EU Fixed Income Markets to Get a Tape
Posted by Colin Lambert. Last updated: June 23, 2022
Three of the largest fixed income platforms have announced plans to form a joint venture to create a consolidated tape for EU fixed income markets. Bloomberg, MarketAxess and Tradeweb Markets say they intend to jointly explore a project with the intention to apply to become the consolidated tape under a previously-announced procurement process under the auspices of the European Securities and Markets Authority (ESMA).
In a statement, the three firms argue European financial markets would benefit greatly from a well-functioning fixed income consolidated tape, adding, “industry collaboration will be essential to delivering a solution that utilises existing infrastructure to provide end users with access to reliable, high-quality MiFID II data”.
A tape for both EU equities and fixed income has been on ESMA’s agenda for four years now, but previous attempts to promote a model have failed to entice private enterprise, which the EU sees as the appropriate source for delivery.
The Full FX View
The big issue in any market surrounding a tape is how much transparency should it provide?
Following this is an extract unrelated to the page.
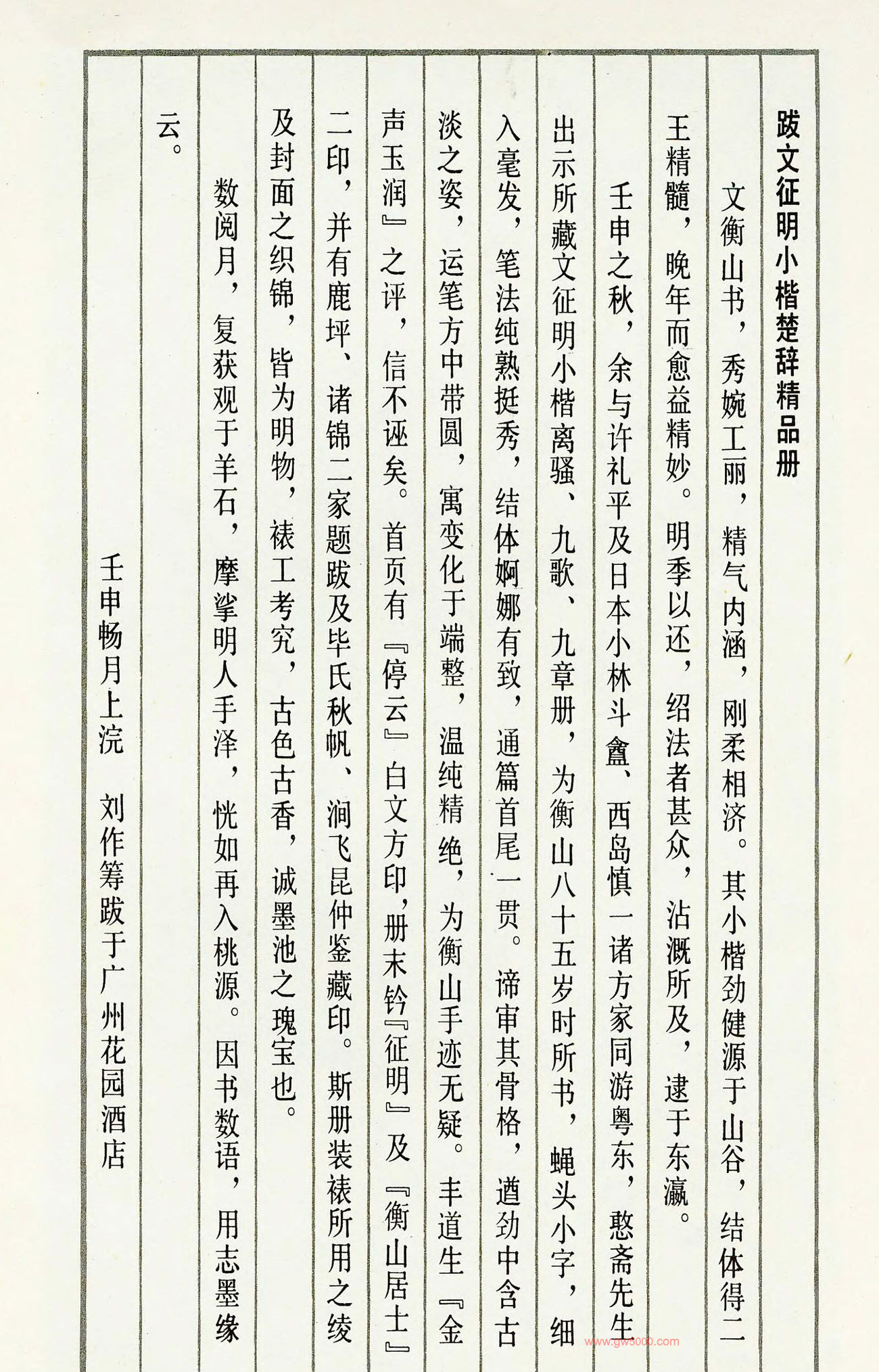 文待诏楷法《文徵明小楷楚辞精品册》,岭南美术出版社。

In this instance – as in most others – the devil will be in the detail, namely, what should happen to large trades?
In slower fixed income markets like corporate bonds, where trades are typically smaller an d infrequent, a tape should present few issues (and not that much information!) for participants, however when we get to larger trades – that involve risk that dealers have to properly warehouse – transparency in the form of a tape can be harmful both to their ability to manage that risk and, ultimately, levels of liquidity in the market.
Put simply, no dealer wants the world to know when they are halfway (or less) through exiting a large risk transfer trade conducted with a client. Markets are already stacked with technology-nimble players who sniff out information and then use it to position themselves. This is perfectly legal as long as the data has come from an appropriate source, but it does increase the market impact of larger trades and will, eventually, make dealers more reluctant to quote for larger tickets.
Some might say that is not a bad thing as buy side customers can break down their trades into smaller tickets and spread them around, but that’s not how it works. In that instance dealers will probably quote slightly wider and exit the risk as soon as possible, thereby passing the market impact risk – which will be magnified by multiple signals being sent out – to the client, who didn’t want it in the first place.
This means that the first challenge for any tape, including the one proposed today, is to establish exactly how long the reporting delay on large trades should be – and there should be one. The only issue then is getting that past the regulator.
“We believe that the European Commission’s draft proposed legislative revisions would open a window to developing a robust consolidated tape that will increase market transparency and help facilitate an integrated, single European capital market,” the three firms say in their statement. “With our collective expertise in fixed income markets and in operating regulatory reporting entities – notably Approved Publication Arrangements (APAs) for MiFIR reporting – we are in a unique position to deliver a reliable, efficient and cost-effective consolidated tape service that meets the needs of market participants and the objectives of the regulators.”
The joint venture will be subject to the relevant regulatory approvals and will be established and operated independently from the three owners’ respective businesses. If successful in winning the mandate, the company would be authorised and supervised by ESMA to provide transparency in fixed income markets pursuant to MiFID II.
“As a next step, we are preparing a competitive request for information process to review independent third-party technology and operating partner(s) for the consolidated tape service,” the firms conclude.